96 pages, $14.95
Review by Jacob Spears
In a world turning increasingly to the virtual, the brief prose poems in Elisa Gabbert’s The Self Unstable read like postcards or dispatches from a new frontier in which the map is just as much a part of reality as the territory. It is a change in form from her debut collection of verse poetry, The French Exit, and because most of the pieces in The Self Unstable are longer than a tweet, at first glance their brevity calls to mind status updates, social media, and the world of our virtual selves. The connotation seems intentional, as many of Gabbert’s entries in the book come up against conversations that social media encourages only the self-obsessed and that what is disguised as insight in a post is so often banal. By weaving witty aphorisms, poetic images, and personal reflections into each entry, Gabbert charts out new territories for conceiving of the self and our relationships to the world, both real and virtual.
Each one embarks on a line of thought, for instance, child rearing: “If you suspect your child is a genius, observe it carefully.” After pointing out high curiosity levels and a sense of humor as baby genius indicators, Gabbert’s satirical joke reaches its punch line: “Always keep a control child nearby for comparison.” But the narrator moves away from the joke and follows the contours of that line of thought. “I strongly suspect that I was a control child. My brother convinced me I wanted to be a boy. Or, because of my brother, I wanted to be a boy.” By the end we find ourselves in a new and unfamiliar place we did not expect to be taken, pondering questions of identity. As a result, new ways of thinking emerge in The Self Unstable that are surprising, yet they resonant with sense of familiarity.

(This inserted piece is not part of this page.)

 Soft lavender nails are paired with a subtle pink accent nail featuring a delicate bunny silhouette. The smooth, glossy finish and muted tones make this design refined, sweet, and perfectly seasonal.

The Self Unstable is a descendant of Pessoa’s The Book of Disquiet. Like the Lisbon poet’s musings on the self and its multiple variations, Gabbert’s pieces emulate his form and share some of his obsessions. Unlike Pessoa’s great unease about how unsettled his self is, Gabbert approaches the subject with levity; the antimonies of being are no longer unbearable, but elastic and enjoyable. A seemingly relativistic statement—“According to quantum theory, there’s a real possibility you could fall through the floor.”—can open a passage, but it works through the statistical likelihood of boring words to the possibility of “radically editing” the world, finding a humorous resolve—“If you like karaoke, you’ll love neo-benshi.” Once the self is unbound, Gabbert is free to explore the new zones of the psyche without fear. The Self Unstable is not a book that seeks to answer the deeper questions of existence, but to play with them, to stretch out meaning into new territories.

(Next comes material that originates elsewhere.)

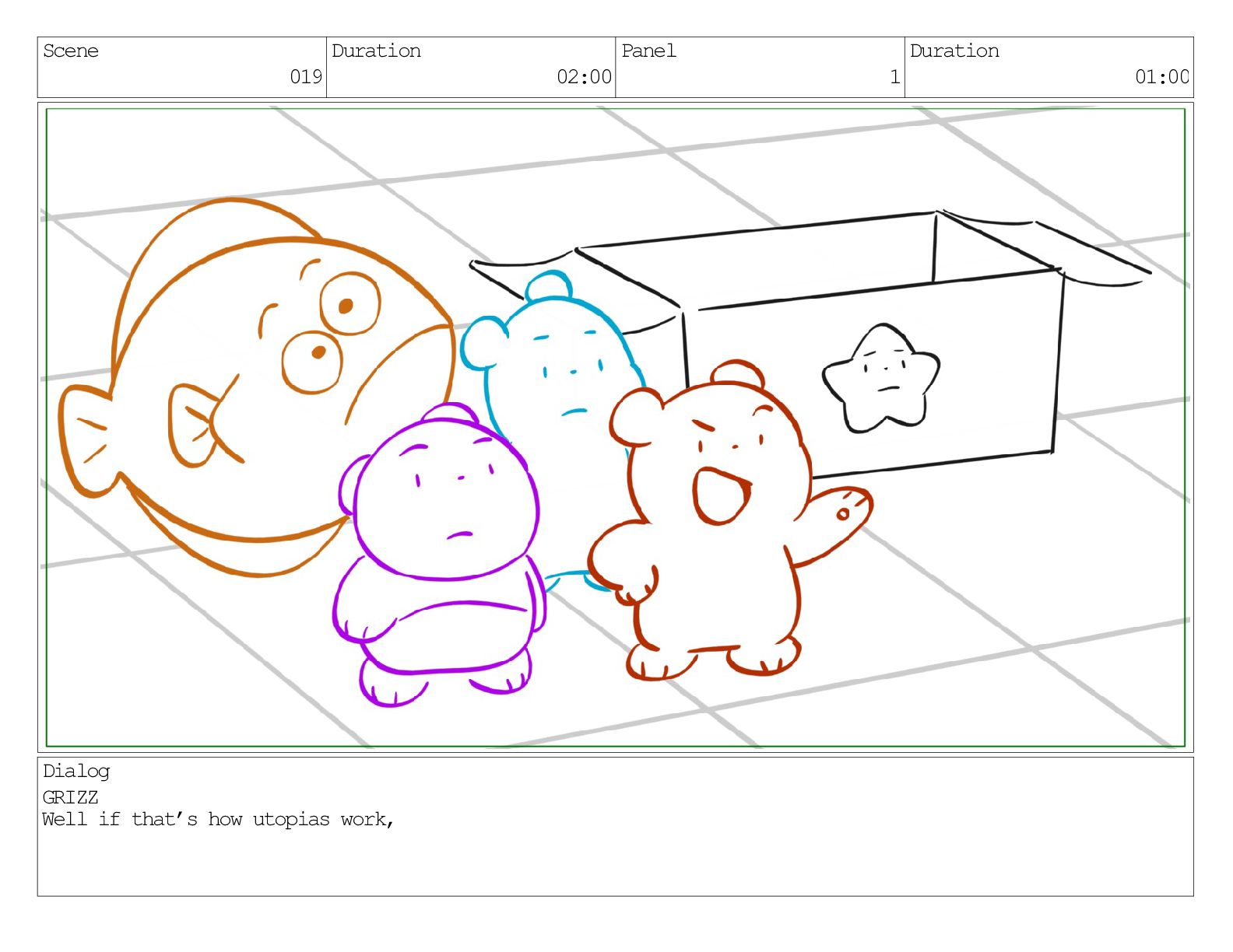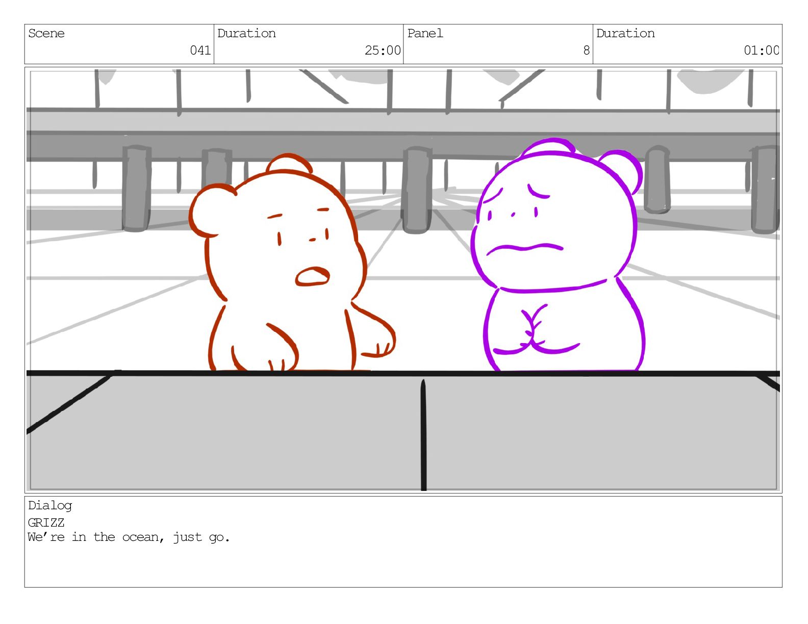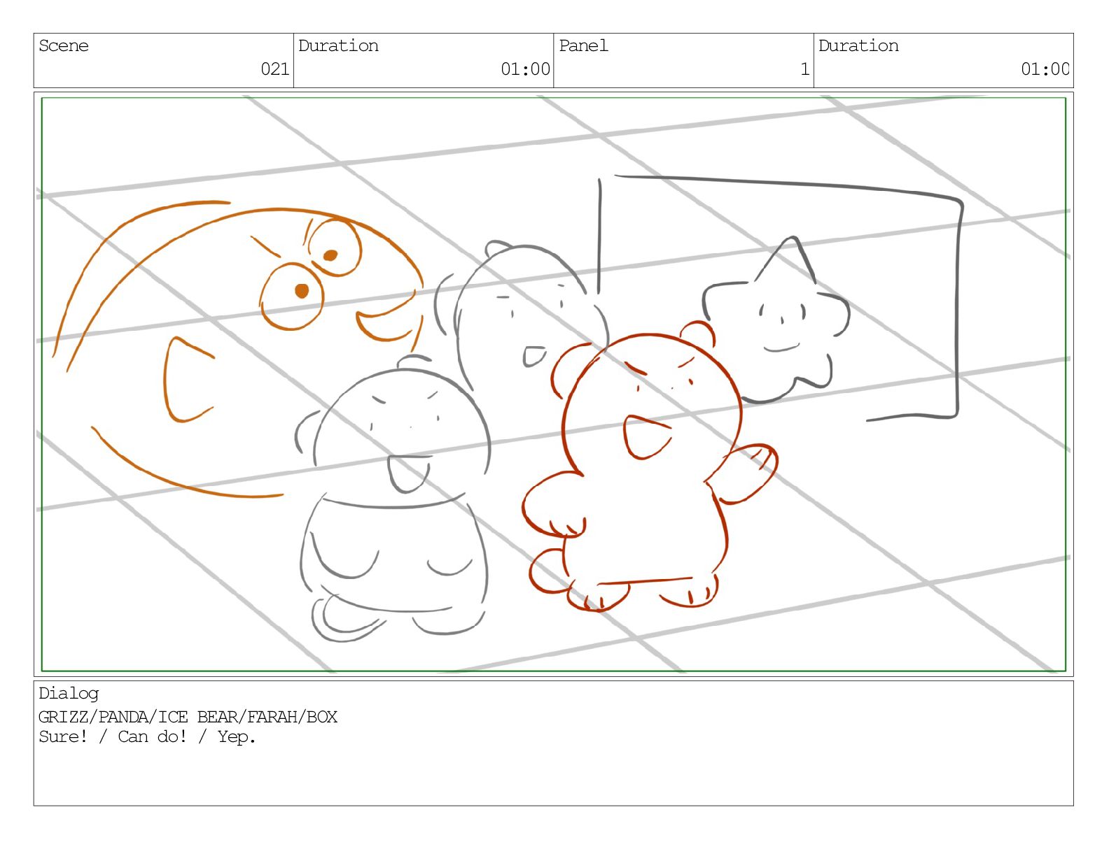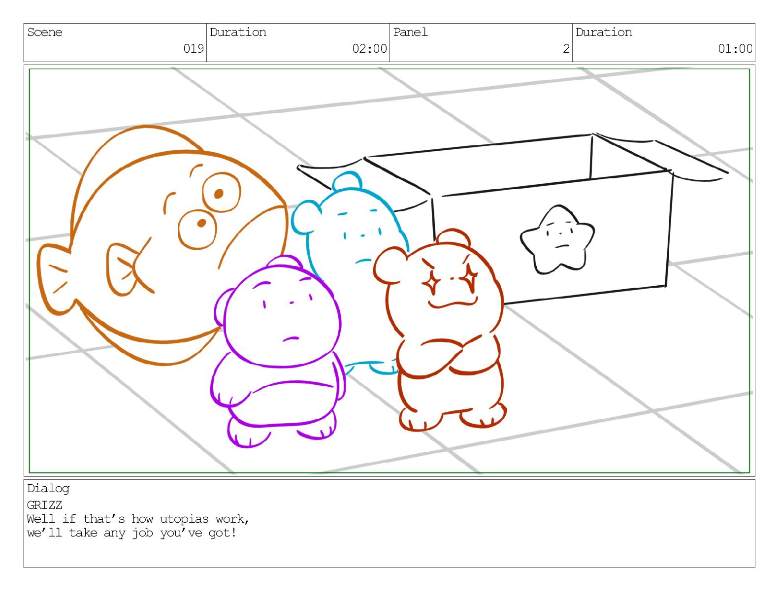 Scene 101 Duration 05:00 Panel 2 Duration 01:00 Dialog GRIZZ

While they are often philosophical, the entries seem to resist demanding the reader to make a judgment of their truth claims based on lived reality. For instance, one could easily muse about the accuracy of a statement such as, “In a moment of silence thoughts may impose themselves on the silence.” But the point is not to languish in that limbo of wondering if what is written on the page faithfully coheres to reality. The essay continues, “So it becomes necessary to avoid silence. Wear headphones on the train. The problem with the train is the beautiful girls who never notice me. I am only noticed by less beautiful girls.” And it takes another turn from there. Who is making these connections? It is hard to parse out because the narrator is free to constantly change as she (or he) moves further along, unburdened by a stable sense of self.
While some of the entries in The Self Unstable follow a similar rhythm, they are not formulaic and there is always an element of surprise that makes this short collection of prose poetry provocative and hilarious. As we all spend increasingly more time in the virtual world, new spaces of our psyches develop that need exploring and mapping. It is exciting to see Gabbert bring philosophical musings into the conversation to show that not everything that looks at the self is self-obsessed. She is also unafraid to reveal the opposite: sometimes it is philosophy that is mundane and it is banal observations of the everyday that are insightful. Her ability to navigate the virtual, in both high and low registers, beckons us to the opening frontiers of our psyches, revealing the possibilities of a world at the hinterlands of our stable selves.
***
Jacob Spears is a writer from Pittsburgh whose fiction has appeared in Wilderness House Literary Review. He received his MFA from the University of Pittsburgh.